Speaker Jeff Snyder, Department of Applied Physics and Materials Science, California Institute of Technology
Date Nov 4, 2013
Time 4:00 pm  
Location 100 Materials Science and Engineering Building
Sponsor MatSE Department
Event type seminar
Views 1846
Originating Calendar MatSE Seminars
"Complex thermoelectric materials" - The widespread use of thermoelectric generators has been limited by the low material efficiency of the thermoelectric material. A number of strategies for Complex Thermoelectric Materials [1] with higher Thermoelectric figure of merit, zT, are being actively studied at Caltech. Complex electronic band structures provide mechanisms to achieve high zT in thermoelectric materials through band structure engineering. High zT is obtained p-type PbTe and PbSe which contains both light and heavy valence bands that can be engineered to achieve high valley degeneracy which leads to an extraordinary peak zT of nearly 1.8 at 750K [2]. Complex crystal structures that enable relatively low thermal conductivity have led to several new classes of thermoelectric materials. Ca3AlSb3, Ca3AlSb3 and Yb14AlSb11 are complex Zintl compounds containing differently connected AlSb4 tetrahedra that obtain zT near 1 at high temperatures.
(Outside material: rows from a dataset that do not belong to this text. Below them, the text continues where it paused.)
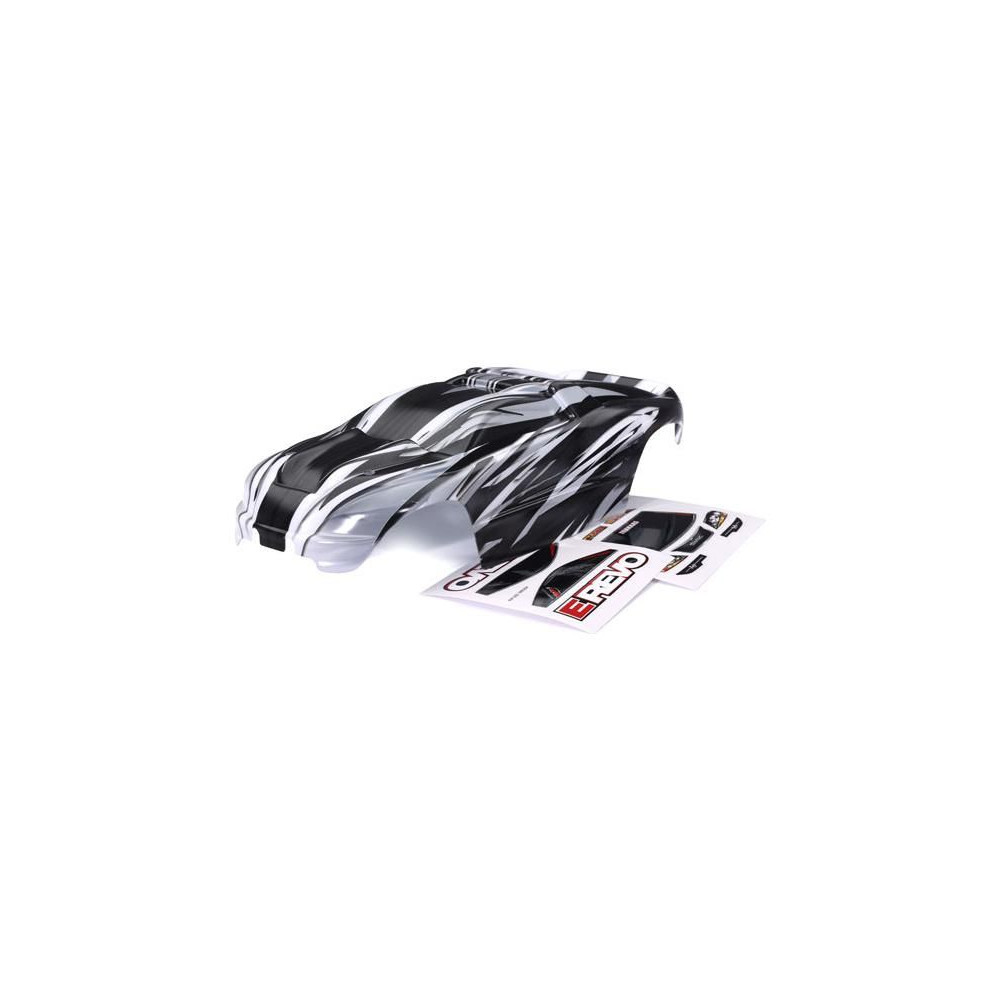 Traxxas E-Revo 1:16 ProGraphix karosszéria, matricás ívvel együtt. Válassza ki a saját színezését, használja az előre nyomtatott grafikákat, hogy saját színes kreációkat hozzon létre. Azonnali professzionális eredmény! A karosszéria teljes mértékben le van vágva, előre kifúrt lyukakkal. Védő overspray fólia.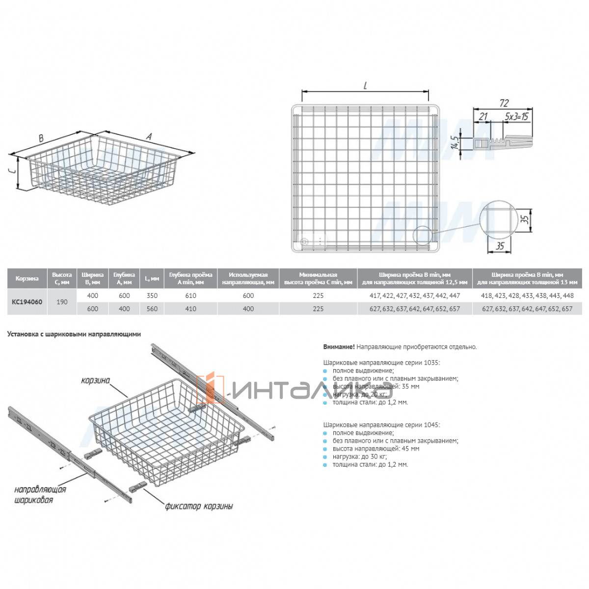 Для установки корзины рекомендуется использовать шариковые или роликовые направляющие.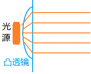 但这些系统都更加复杂,并且也非常厚,显然不能适用在闪光灯上。那么为了解决“闪光灯射向前方的光线发散”这一问题,人们很自然的想到了利用凸透镜:

Fast diffusing or ‘liquid-like’ elements in the complex materials Zn4Sb3 [3] and Cu2Se [4] provide additional mechanisms to scatter and otherwise inhibit phonon heat conductivity. The principles of Zintl chemistry facilitates the search for new complex materials and the tuning of known thermoelectric materials with earth abundant, non-toxic elements [5]. Finally, the incorporation of nanometer sized particles reduces thermal conductivity from long mean-free-path phonons. This principle has been successfully demonstrated in PbTe with large nanoscale precipitates (>100nm) that can be independently doped with La (n-type) or Na (p-type). The synthesis of nanoscale composites can be controlled with the aid of equilibrium phase diagrams (experimental or theoretically determined) to produce microstructure of varying composition and length scale [6].